Collection entries
──────────
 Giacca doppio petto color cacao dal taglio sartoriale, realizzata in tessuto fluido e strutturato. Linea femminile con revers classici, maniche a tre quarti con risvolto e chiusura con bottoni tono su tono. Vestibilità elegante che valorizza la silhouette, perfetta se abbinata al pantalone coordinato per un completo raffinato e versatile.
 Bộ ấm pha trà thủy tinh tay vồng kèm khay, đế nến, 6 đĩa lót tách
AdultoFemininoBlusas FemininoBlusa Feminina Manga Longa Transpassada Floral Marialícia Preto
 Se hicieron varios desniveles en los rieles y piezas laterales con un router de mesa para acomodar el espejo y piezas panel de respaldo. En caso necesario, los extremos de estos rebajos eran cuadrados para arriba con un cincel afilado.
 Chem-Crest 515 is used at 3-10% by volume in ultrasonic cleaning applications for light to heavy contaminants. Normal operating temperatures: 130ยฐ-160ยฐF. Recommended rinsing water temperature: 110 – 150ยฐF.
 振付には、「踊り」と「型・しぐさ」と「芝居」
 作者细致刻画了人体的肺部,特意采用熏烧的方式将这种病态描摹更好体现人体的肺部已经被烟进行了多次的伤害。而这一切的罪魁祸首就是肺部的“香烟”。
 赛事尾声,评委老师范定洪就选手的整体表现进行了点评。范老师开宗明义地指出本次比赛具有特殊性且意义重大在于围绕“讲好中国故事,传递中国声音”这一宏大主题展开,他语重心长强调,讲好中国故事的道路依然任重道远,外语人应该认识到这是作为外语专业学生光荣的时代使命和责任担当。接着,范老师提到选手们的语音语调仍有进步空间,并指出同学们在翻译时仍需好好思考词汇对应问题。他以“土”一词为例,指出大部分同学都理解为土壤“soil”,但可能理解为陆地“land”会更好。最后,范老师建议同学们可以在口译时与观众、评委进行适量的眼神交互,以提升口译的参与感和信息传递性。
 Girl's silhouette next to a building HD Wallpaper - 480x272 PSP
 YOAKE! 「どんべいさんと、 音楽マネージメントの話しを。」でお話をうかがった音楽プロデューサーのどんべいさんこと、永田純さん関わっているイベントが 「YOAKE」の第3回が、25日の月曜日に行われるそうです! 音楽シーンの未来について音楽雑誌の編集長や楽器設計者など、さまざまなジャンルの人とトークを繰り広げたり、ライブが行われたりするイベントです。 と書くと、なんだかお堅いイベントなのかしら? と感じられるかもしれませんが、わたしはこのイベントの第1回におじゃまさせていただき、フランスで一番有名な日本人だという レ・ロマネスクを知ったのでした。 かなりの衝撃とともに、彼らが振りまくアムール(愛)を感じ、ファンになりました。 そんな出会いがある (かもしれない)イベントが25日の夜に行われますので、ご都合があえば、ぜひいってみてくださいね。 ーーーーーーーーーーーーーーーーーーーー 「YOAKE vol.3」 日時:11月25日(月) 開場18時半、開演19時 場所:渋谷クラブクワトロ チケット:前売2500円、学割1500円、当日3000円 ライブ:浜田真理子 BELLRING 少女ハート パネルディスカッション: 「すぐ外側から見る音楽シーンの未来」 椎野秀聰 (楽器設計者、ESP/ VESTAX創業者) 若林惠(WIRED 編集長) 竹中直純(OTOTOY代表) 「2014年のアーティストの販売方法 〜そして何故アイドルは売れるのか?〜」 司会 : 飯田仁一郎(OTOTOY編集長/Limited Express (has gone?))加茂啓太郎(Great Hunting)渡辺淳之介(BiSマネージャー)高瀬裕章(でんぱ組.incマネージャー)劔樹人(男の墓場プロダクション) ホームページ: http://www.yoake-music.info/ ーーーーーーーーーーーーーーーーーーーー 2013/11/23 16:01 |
──────────
**Instructions to follow**
Out of the entries, pull every line that mentions "silhouette".

**Solution to this problem**
 Giacca doppio petto color cacao dal taglio sartoriale, realizzata in tessuto fluido e strutturato. Linea femminile con revers classici, maniche a tre quarti con risvolto e chiusura con bottoni tono su tono. Vestibilità elegante che valorizza la silhouette, perfetta se abbinata al pantalone coordinato per un completo raffinato e versatile.
 Girl's silhouette next to a building HD Wallpaper - 480x272 PSP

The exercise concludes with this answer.